BFO PDF Library 2.26.1 release announcement

BFO PDF Library 2.26.1

Exactly two months after the 2.26 release of our PDF library, we're pleased to announce the first revision to that major release. This one is all about polish.

A large proportion of the work was refining our PDF/A conversion routines, cross-testing against both veraPDF and Acrobat. A number of edge cases have been fixed, and in general the PDF/A output for this release is improved. In particular our PDF/A-4 profile has had quite a few fixes: although we still haven't completed testing of conversion to PDF/A-4, verification of existing PDF/A-4 files is now in complete agreement with veraPDF (Acrobat does not yet support PDF/A-4).

There are two main things we want to highlight today: logging, and test corpora

Further stress testing against large Corpora

The website of the PDF Association, of which BFO is a member, has many useful resources - not least the page describing the Apache Tika corpora of stressful PDFs. These are PDFs collected from the "issue" pages of various open-source projects, so - by definition - are problematic. They contain some of the most malformed collection of PDF files we've ever seen, and make a great acid test for any PDF product.

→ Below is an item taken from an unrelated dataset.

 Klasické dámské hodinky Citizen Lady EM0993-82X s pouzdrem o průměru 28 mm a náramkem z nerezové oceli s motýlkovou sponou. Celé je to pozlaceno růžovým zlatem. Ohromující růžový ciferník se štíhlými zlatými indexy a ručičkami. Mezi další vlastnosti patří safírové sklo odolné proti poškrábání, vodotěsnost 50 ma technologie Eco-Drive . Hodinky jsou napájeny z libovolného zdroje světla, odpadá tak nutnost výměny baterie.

We've completed running our API over the 20,576 files and fixing issues. Many are too damaged to recover, eg severely truncated. But where the file can be recovered it can be loaded with our API, and if not the reasons for failure are reported in a hopefully useful way. For our customers this means the API is less likely to choke on invalid input, and in particular some of the most pathalogical cases designed to produce infinite loops or out-of-memory results in the data structures are avoided.

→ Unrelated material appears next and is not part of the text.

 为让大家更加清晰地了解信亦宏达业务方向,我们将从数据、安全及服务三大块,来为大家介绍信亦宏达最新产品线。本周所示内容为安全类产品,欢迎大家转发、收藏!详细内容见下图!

I'd particularly like to highlight some of the improvements to signature handling that came from this process. The corpora contained many weird variations of PKCS#7 signatures we hadn't seen before (ASN.1 structures can be "somewhat vague"). Our API can now verify RSA PSS signatures, ECDSA signatures in the P1363 format, signatures using Russian Gost1360/1361 algorithms, and various types of OCSP response we hadn't encountered before. Some of these are used with retired or current national ID schemes. If it's a digitally signed PDF with a PKCS#7 signature, our API can almost certainly verify it.

Logging cleanup

Analysing so many malformed files meant wading through a lot of error logs, which motivated us to clean up the logging. When we encounter a recoverable error, we warn about it and often include a stack-trace with that warning. This can be confusing if you're not expecting it - we often get emails from customers with stack traces included from warnings, even though they're not fatal.

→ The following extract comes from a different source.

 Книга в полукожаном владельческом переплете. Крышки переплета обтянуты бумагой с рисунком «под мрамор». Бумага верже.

For this release we've audited every warning emitted by the library during "typical" operations. Wherever possible, we've included all the important information in the message itself and removed the stacktrace from the report. Where multiple warnings were issued from the same root cause we've tried to reduce this to one. Overall, warning logging will be less noisy and more useful, which should be good for everyone.

This is an ongoing project, of course, and some stacktraces remain where they're required for diagnostics. Please continue to include them in your support emails if you see them and you're having problems.

Refinements to PDF/A conversion

Finally, we've made some refinements to our PDF/A conversion process based on feedback. Where we have to rasterize a page to a bitmap, we'll store it as grayscale if it can be done without loss, reducing the size of the file. And it's now possible to supply an Executor to allow pages to be rasterized in parallel. Conversion to PDF/A can now be interrupted where necessary, and the PDF will be left in a coherent state.

Mostly, however, we've had a major drive to reduce the number of rebuilds during conversion. As described in our last post on this topic, a rebuild is when our conversion to PDF/A has failed. As a last resort we clear out the PDF and restore only known-good data. This is not something we want to do, as data is inevitably lost.

The number of PDFs requiring a rebuild during conversion will be a lot lower in this release. The main cause is what we call architectural problems - a random dictionary, array, string etc in a datastructure we don't recognise that is too large to meet the requirements of PDF/A. In fact, excluding those (and one other cause we aim to fix for the next release), we're now down to one single rebuild out of 18,400 files! We're very pleased with this number. More analysis will follow in another article.